(Supplied material)

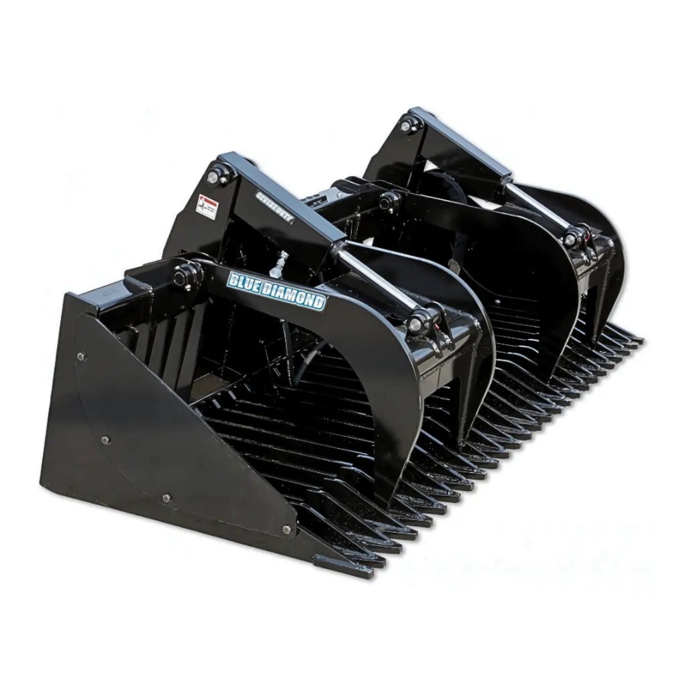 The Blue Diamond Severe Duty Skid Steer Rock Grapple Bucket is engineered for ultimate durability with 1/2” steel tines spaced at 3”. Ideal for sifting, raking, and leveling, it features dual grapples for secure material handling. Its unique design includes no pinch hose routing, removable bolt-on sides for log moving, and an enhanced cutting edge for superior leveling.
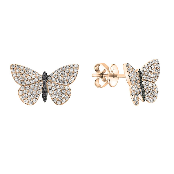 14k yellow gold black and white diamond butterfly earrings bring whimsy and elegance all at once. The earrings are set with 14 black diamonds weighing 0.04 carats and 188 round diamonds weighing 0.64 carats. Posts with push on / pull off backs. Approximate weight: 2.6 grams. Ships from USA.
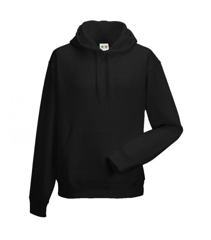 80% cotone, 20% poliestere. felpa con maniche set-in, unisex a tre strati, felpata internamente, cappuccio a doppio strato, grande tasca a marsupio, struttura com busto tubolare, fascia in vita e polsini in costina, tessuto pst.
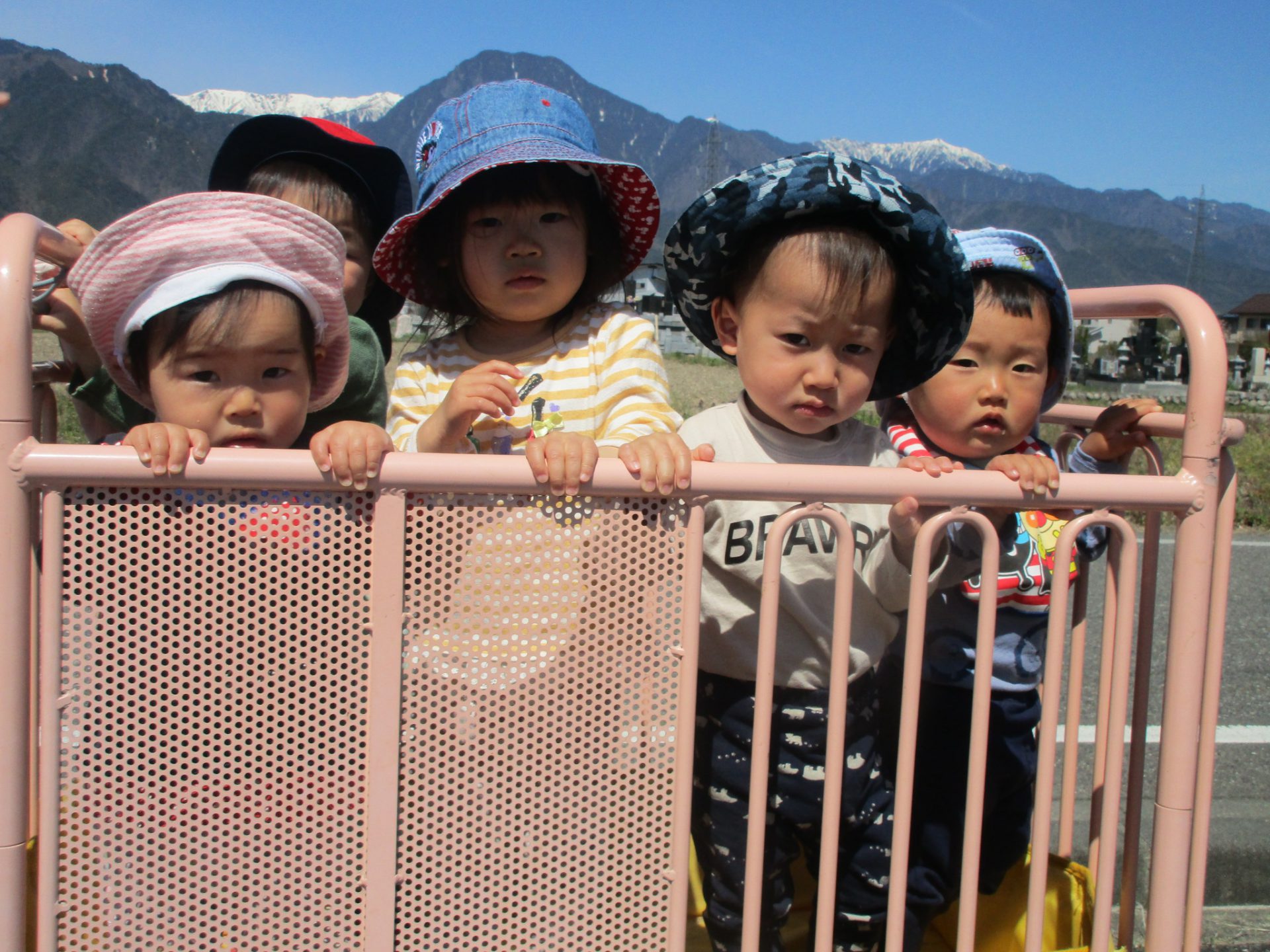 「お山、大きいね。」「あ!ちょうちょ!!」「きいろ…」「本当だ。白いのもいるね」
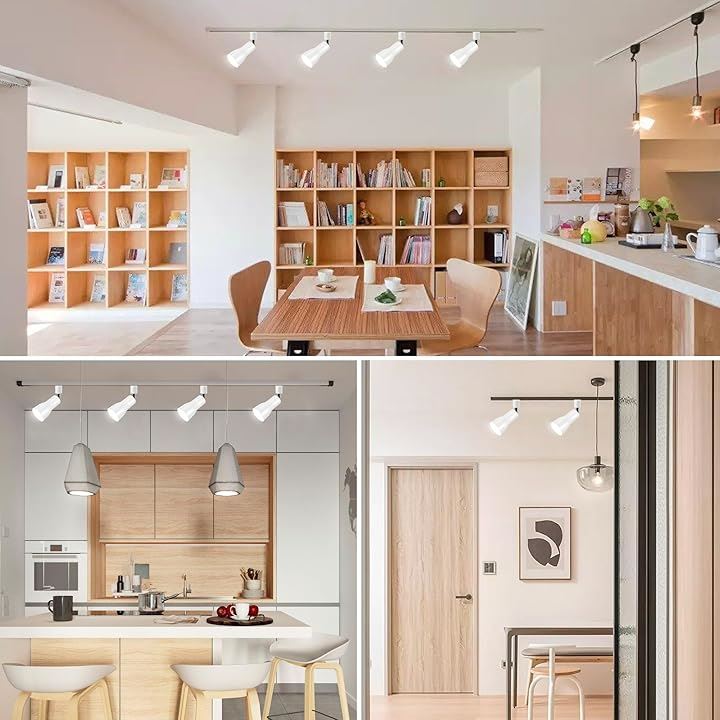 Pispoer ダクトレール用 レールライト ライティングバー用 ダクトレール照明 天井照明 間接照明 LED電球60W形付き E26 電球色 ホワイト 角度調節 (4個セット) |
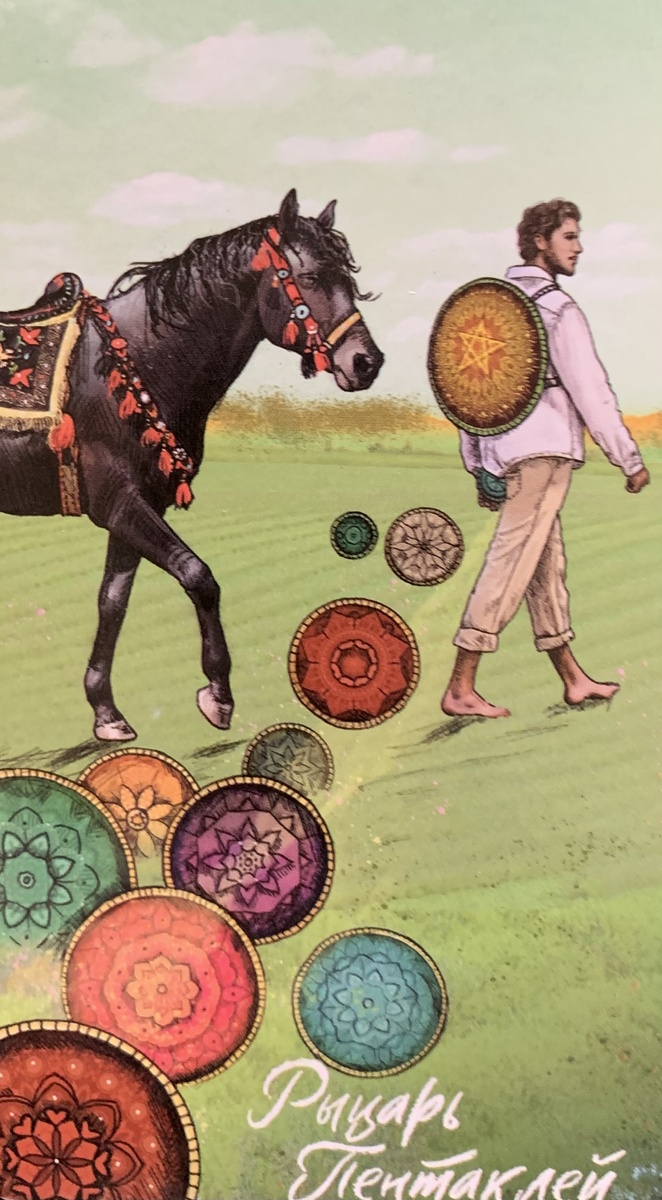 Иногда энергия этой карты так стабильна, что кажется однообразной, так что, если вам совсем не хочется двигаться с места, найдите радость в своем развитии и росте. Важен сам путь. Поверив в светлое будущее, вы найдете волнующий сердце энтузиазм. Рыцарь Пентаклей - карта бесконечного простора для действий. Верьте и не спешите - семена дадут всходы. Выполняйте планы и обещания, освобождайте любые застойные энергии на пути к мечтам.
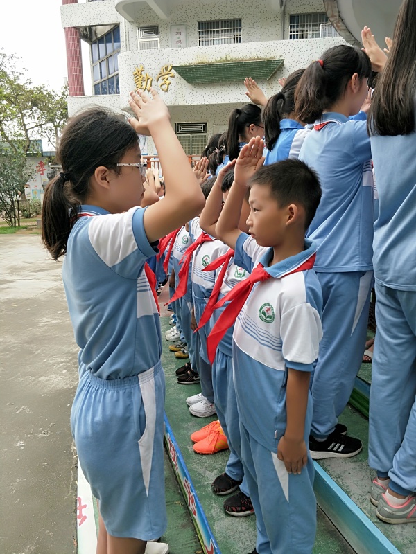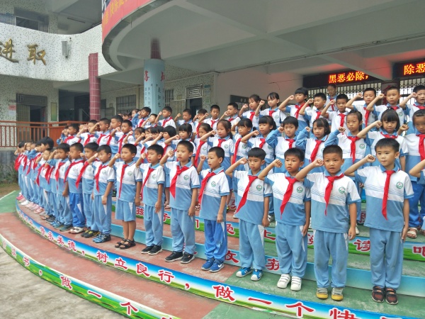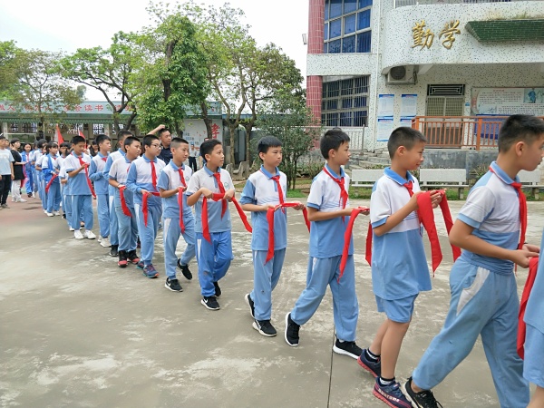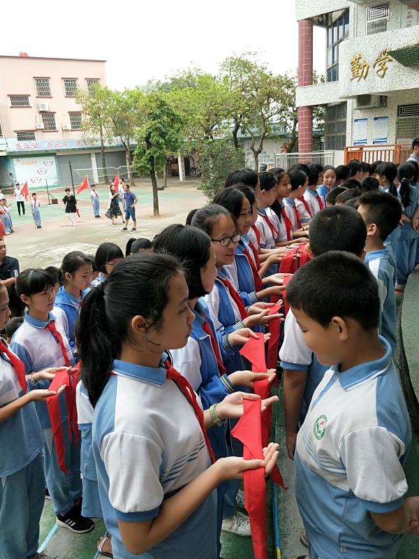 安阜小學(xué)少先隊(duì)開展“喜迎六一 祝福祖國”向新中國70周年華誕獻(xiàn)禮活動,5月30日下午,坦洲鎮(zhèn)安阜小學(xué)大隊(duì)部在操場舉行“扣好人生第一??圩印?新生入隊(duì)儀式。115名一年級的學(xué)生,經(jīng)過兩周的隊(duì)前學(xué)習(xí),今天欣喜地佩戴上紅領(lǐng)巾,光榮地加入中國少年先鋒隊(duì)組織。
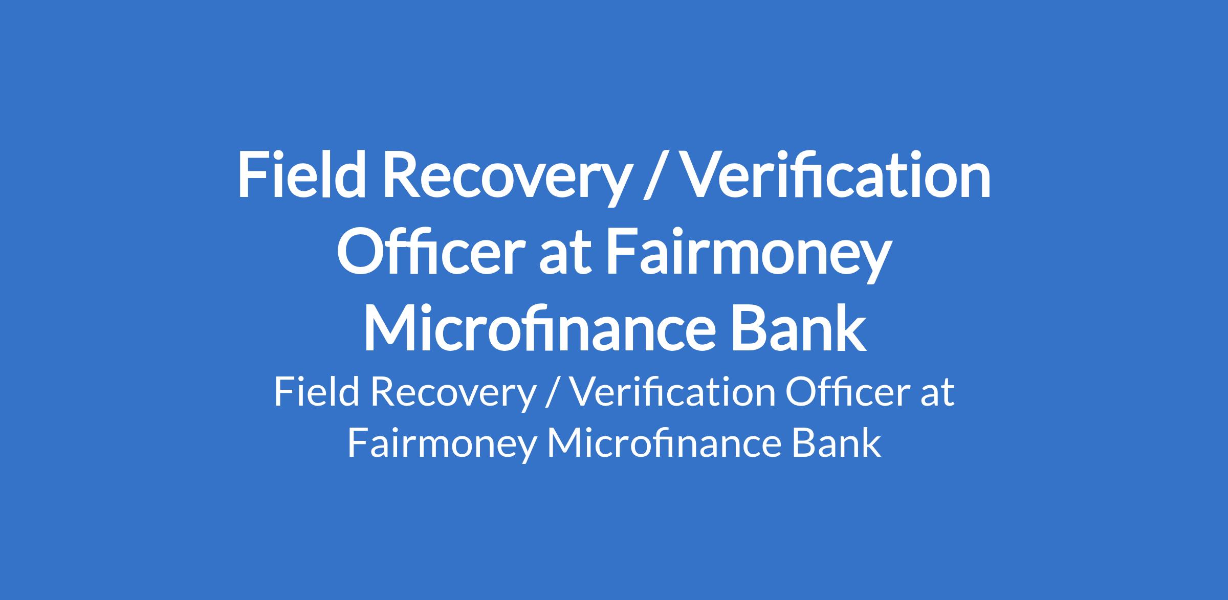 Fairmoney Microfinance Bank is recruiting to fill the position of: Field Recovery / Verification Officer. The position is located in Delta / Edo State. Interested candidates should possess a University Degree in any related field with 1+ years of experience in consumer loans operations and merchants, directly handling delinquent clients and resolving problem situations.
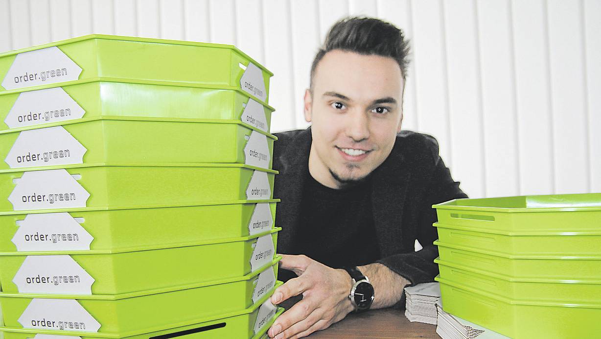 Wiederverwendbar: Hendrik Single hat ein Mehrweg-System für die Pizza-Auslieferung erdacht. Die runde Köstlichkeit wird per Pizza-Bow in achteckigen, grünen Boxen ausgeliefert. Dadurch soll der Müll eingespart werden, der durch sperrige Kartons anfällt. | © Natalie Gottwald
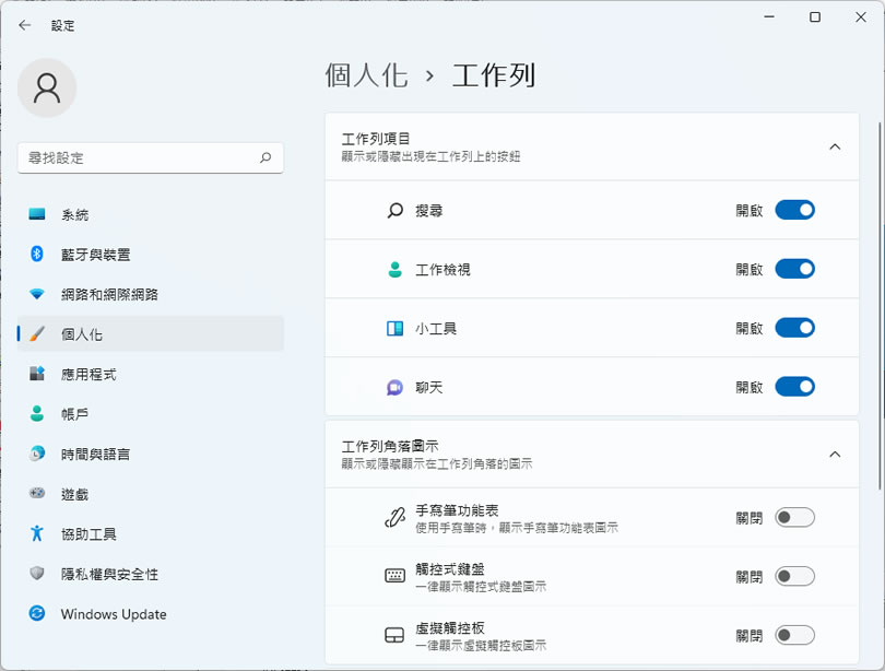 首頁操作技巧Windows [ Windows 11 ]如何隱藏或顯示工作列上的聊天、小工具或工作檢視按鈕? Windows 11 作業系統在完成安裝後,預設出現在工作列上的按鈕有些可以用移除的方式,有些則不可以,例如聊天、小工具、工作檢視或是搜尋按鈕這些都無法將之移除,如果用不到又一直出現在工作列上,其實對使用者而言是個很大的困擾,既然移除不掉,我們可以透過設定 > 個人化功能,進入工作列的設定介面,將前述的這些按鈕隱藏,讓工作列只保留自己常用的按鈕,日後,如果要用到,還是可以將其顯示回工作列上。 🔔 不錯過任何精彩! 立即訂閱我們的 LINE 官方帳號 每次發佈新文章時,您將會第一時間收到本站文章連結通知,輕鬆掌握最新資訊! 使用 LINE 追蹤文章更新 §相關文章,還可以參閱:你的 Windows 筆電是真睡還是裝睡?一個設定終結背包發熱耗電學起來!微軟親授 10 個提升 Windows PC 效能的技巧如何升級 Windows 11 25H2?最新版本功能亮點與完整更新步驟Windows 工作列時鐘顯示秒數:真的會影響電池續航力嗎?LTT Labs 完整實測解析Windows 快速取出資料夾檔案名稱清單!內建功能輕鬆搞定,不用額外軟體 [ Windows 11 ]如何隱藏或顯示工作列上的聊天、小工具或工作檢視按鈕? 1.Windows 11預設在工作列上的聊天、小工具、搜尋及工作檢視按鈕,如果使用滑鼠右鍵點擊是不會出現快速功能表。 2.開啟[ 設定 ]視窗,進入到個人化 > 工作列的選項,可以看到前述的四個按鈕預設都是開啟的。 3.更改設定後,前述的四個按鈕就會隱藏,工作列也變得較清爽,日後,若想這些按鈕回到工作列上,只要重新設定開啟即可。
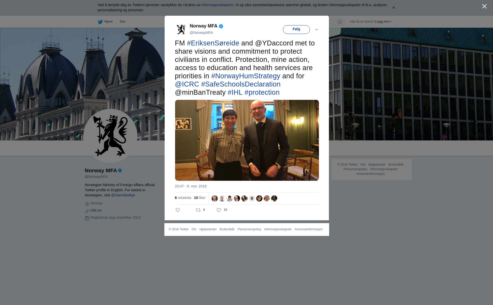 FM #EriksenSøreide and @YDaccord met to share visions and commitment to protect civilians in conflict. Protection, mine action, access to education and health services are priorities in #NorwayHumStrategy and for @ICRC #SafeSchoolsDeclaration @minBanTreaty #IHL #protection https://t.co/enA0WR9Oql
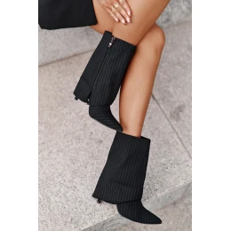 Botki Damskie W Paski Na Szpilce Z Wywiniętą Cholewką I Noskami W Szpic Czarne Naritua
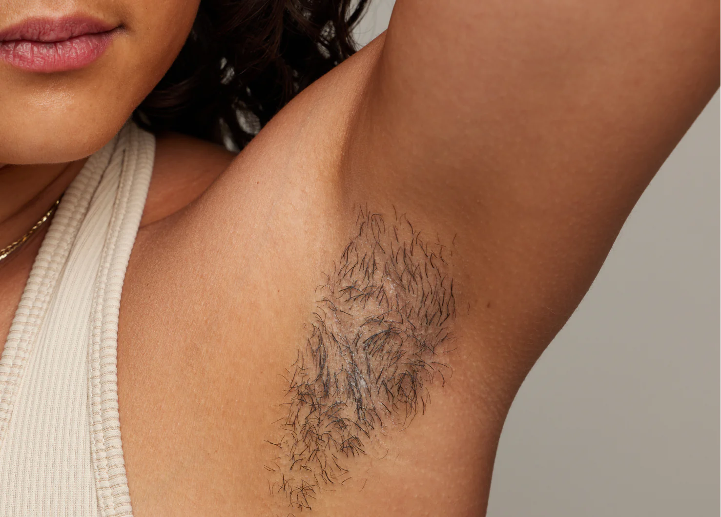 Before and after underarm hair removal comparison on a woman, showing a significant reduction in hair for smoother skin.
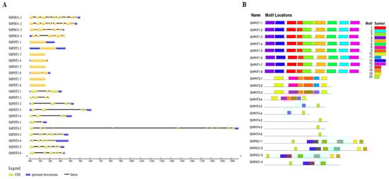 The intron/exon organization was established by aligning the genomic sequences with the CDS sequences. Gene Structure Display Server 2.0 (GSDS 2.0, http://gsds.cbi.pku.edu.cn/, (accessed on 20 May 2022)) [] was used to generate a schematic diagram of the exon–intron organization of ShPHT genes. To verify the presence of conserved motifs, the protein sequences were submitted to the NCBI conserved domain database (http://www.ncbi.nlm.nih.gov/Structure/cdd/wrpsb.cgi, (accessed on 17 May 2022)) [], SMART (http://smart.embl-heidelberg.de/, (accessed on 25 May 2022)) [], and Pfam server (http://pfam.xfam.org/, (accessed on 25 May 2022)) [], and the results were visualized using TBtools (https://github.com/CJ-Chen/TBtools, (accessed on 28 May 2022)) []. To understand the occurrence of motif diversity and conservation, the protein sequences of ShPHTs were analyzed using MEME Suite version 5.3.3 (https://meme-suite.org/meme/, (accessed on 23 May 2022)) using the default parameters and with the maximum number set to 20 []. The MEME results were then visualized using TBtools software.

(End Supplied material)

→ The task:
Give again the stretch of the entries above that begins at the line with "14k yellow gold" and ends at the line with "Pispoer ダクトレール用 レールライト", word for word, with no pictures.

→ Answer:
 14k yellow gold black and white diamond butterfly earrings bring whimsy and elegance all at once. The earrings are set with 14 black diamonds weighing 0.04 carats and 188 round diamonds weighing 0.64 carats. Posts with push on / pull off backs. Approximate weight: 2.6 grams. Ships from USA.
 80% cotone, 20% poliestere. felpa con maniche set-in, unisex a tre strati, felpata internamente, cappuccio a doppio strato, grande tasca a marsupio, struttura com busto tubolare, fascia in vita e polsini in costina, tessuto pst.
 「お山、大きいね。」「あ!ちょうちょ!!」「きいろ…」「本当だ。白いのもいるね」
 Pispoer ダクトレール用 レールライト ライティングバー用 ダクトレール照明 天井照明 間接照明 LED電球60W形付き E26 電球色 ホワイト 角度調節 (4個セット) |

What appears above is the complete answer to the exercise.